The statement "C is not close to the instruction set of a modern CPU" does not need to be validated by specifying examples of languages that are closer.

But if you're going to say that "C is not a low-level language", then yeah you kinda do need other languages beneath it.
Well, firstly, I'm not saying it.

But no. That is what I meant when I said this is not a relative statement.

If the title said "C is not the lowest-level language" then your objection would be valid... but it doesn't and it's not saying that.

But before I go into some lengthy explanation: have you read the article, or are you responding to the title alone?

In general terms, any language aiming to be lower-level than C should

- have an "abstract" machine that is more concrete than C (and by extension less portable)

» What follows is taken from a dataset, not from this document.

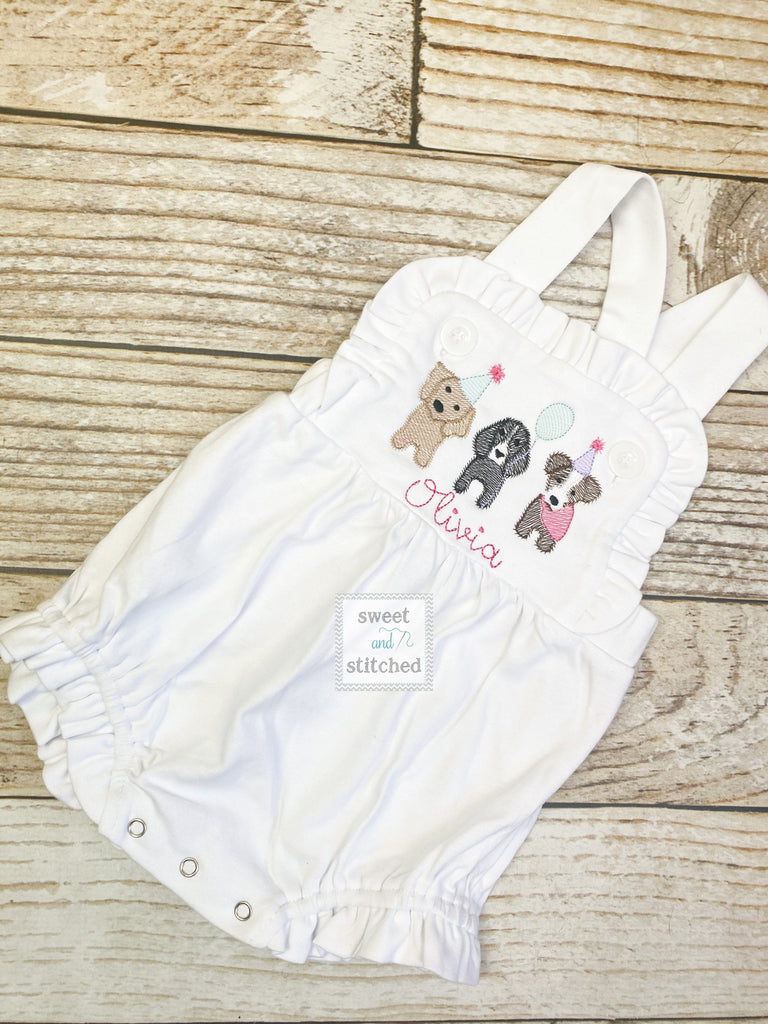 Monogrammed baby girl cake smash outfit with puppy dogs and name, girls birthday bubble outfit, 1st birthday puppy themed cake smash outfit
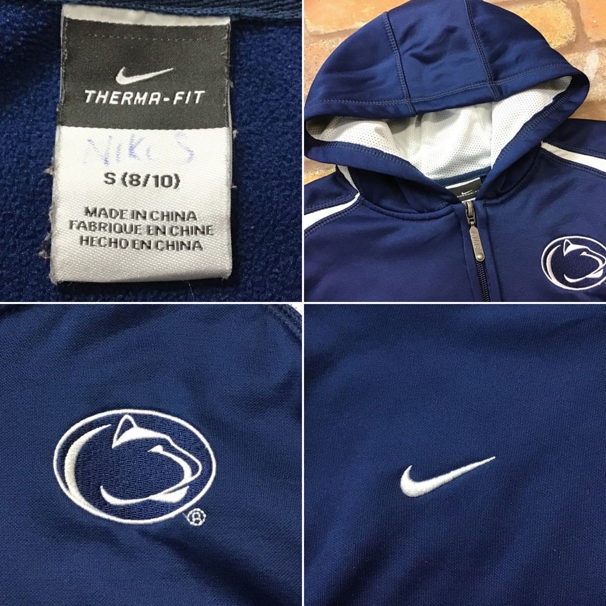 合計落札金額¥8,000円以上で、、、 送料無料!! ※こちらからの[合計支払い金額通知]をご確認の上、お支払い下さい♪ -------------------------- 【 ナイキ×ペンシルベニア大 】 THERMA-FIT メッシュ切替 ジップアップ スウェットパーカー ● USA輸入・正規品 ● ● 海外サイズ規格 ● ◆ コンディション ◆ ダメージはなく、コンディション良好です◎ ----------------------- ◆ サイズ ◆ ユース S 130 ※海外規格の為、下記実寸のご確認をお願いいたします。 ◆ 実寸 ◆ 肩幅:38cm 身幅:43cm(両脇下間を計測) 着丈:51cm(背面襟元~裾を計測) 袖丈:48cm 素人採寸の為、多少の誤差はお許しください。。 ------------------------ ◆ 素材表記 ◆ ポリエステル 100% -------------------------- | |||||

- be easier to lower into optimal assembly (especially loop ops)

- give you strong and precise compile-time guarantees about memory layout (padding, bitfields), variable sizes, register spilling, stack usage, etc.

Plenty to chose from since 1958's introduction of JOVIAL, when one cares to research what has happened in the world of systems programming outside Bell Labs, and UNIX/C taking over the server room.
Forth/joy maybe?
LLVM IR
Fortran, maybe?
B
Or T3X9, if you're prefer Algol-style syntax.
I think there is an argument that Brainfuck [0], et al, is lower than C, given that it eschews variables and functions.

[0] https://esolangs.org/wiki/Brainfuck

Low level means close to the processor, not small in scope.

You could argue brainfuck is machine language for a theroetical infinite tape machine, but such a machine can only exist when implemented in high-level software.